最強女騎士は、姉の婚約者に蕩かされる

6

(遅いなあ)





 待つこと約十五分、ナーディアは首をかしげた。仕立屋たちは、一向に帰って来ないのだ。いくらこのフェリーニ邸が広いといっても、応接間へ行って帰って来るのに、それほど時間がかかるものだろうか。そして今さら気付いたが、全員で行く必要はあったのか。





 何やら嫌な予感がして、ナーディアは部屋から出ようとした。だが、扉に手をかけて、おやと思った。開けようとしても、びくともしないのだ。まさか、外から鍵をかけられたのか。





「誰かいませんか! 開けてください!」





 ドンドンと扉を叩いて怒鳴るが、返ってきたのは静寂だけだった。隅っこにある、使われていない部屋だから、使用人も来ることがないのだろう。こんな部屋を選ばなければよかったと思うが、後の祭りだ。 





(ダリオの仕業か……?)





 仕立屋の独断とは思えなかった。ドレス姿で閉じ込めて、一体どうしようというのだろう。いっそ蹴破ってやろうか、とナーディアは扉をにらみつけた。腕力には、自信がある。室内にある調度品でもぶつければ、破壊できる気がした。





(いや、さすがにそれはまずいか)





 ナーディアは、思い直した。いくらダリオのせいとはいえ、フェリーニ邸の扉や調度品を損傷するのは、侯爵に申し訳ないと思ったのだ。





 とはいえ、この現状には腹が立って仕方ない。コルセットは苦しいし、余計イライラしてきた。取りあえずは元の服に着替えるか、とナーディアは思った。着るのは厄介だったドレスだが、脱ぐだけなら一人でもできそうだ。

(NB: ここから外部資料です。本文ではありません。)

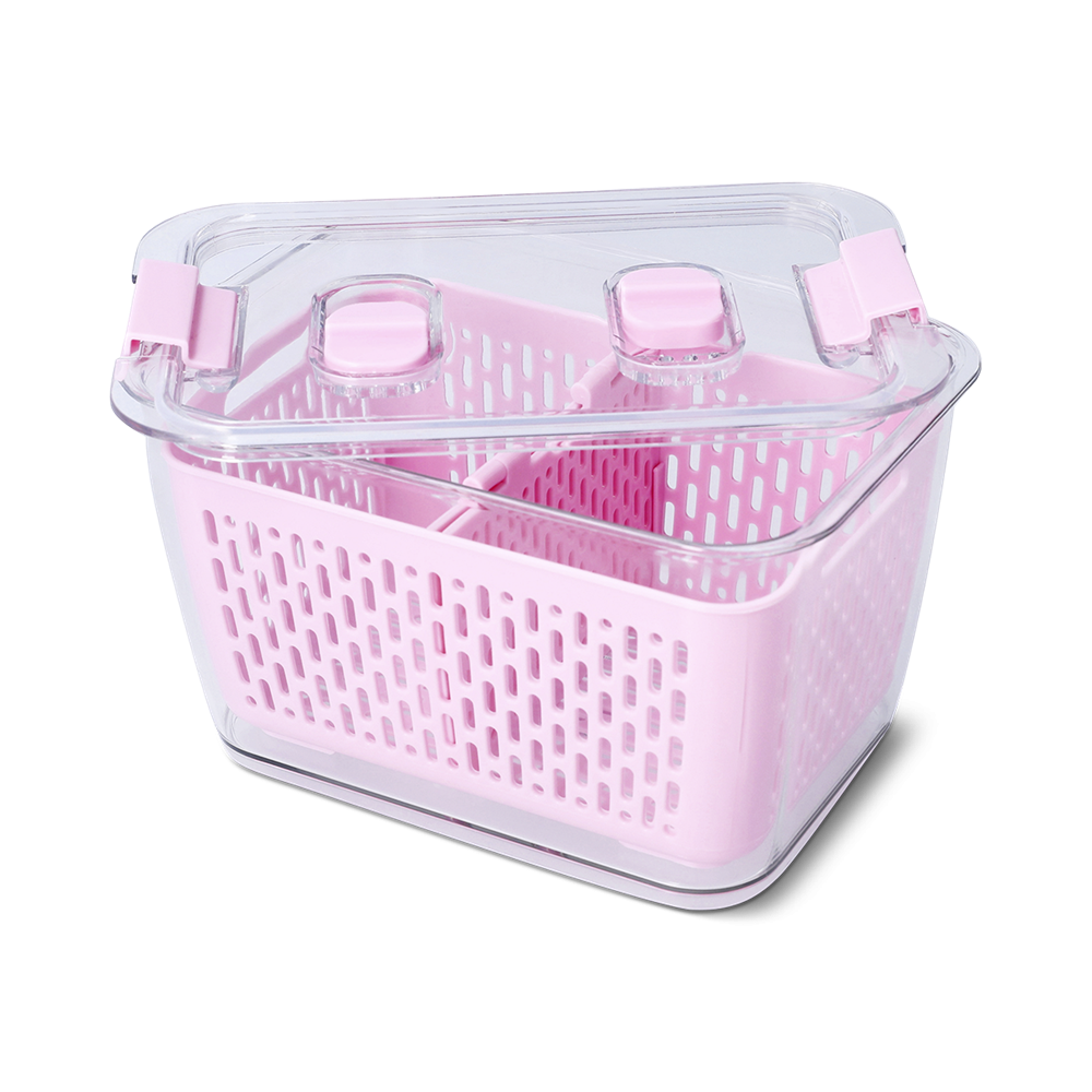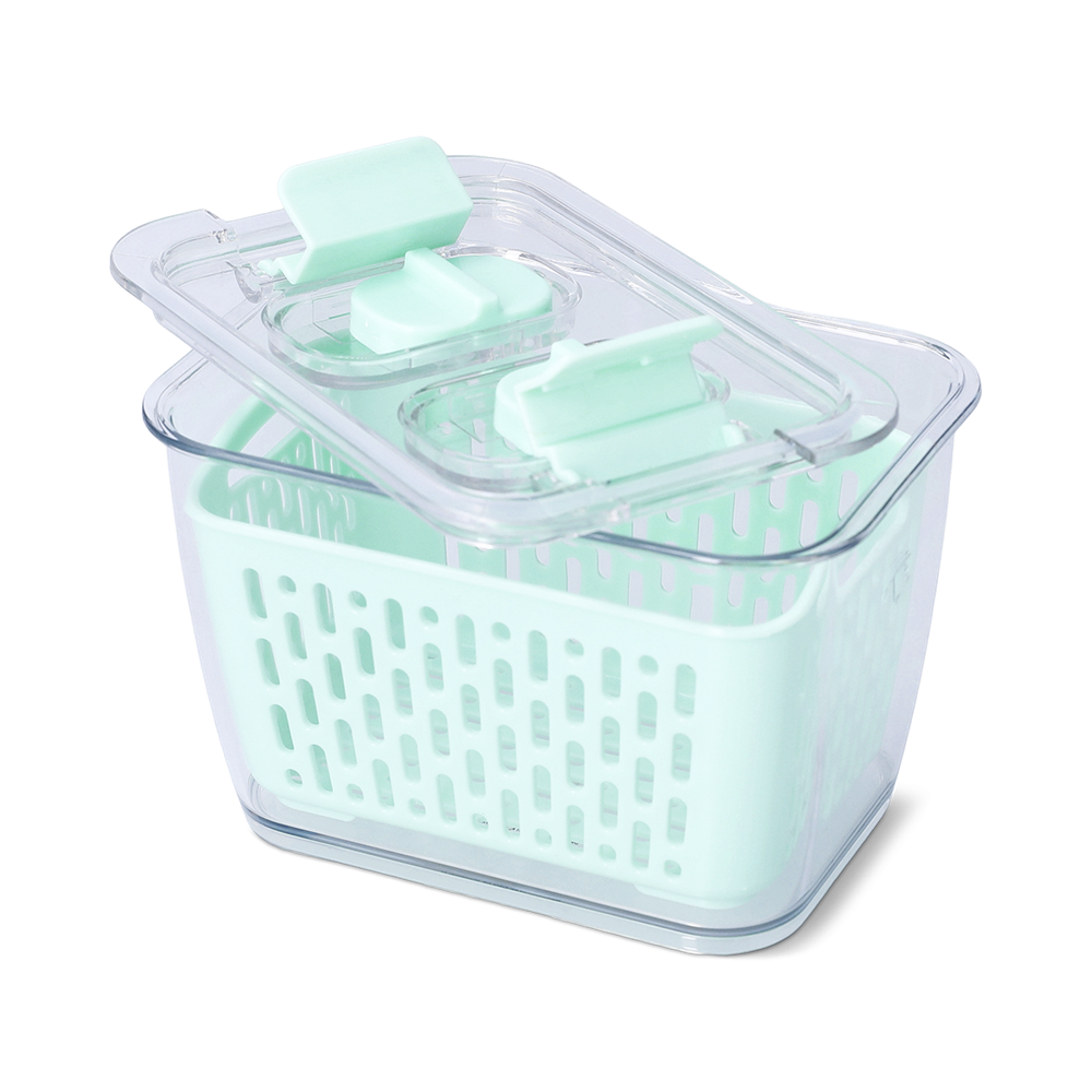 洗った野菜やフルーツをそのまま保存できて、水切り部分が余計なな水分をカットするので、鮮度も、使いやすさも抜群!

 うっとおしい付け毛やアクセサリーを取り払い、どうにかドレスを脱いでいく。コルセットを外してシュミーズ一枚になると、ナーディアはため息をついていた。





(やっと楽になれた……)





 さて、とナーディアはワードローブを開けた。着て来た服に着替えようと思ったのだ。だがそこで、ナーディアの目は点になった。ワードローブ内は、もぬけの殻だったのである。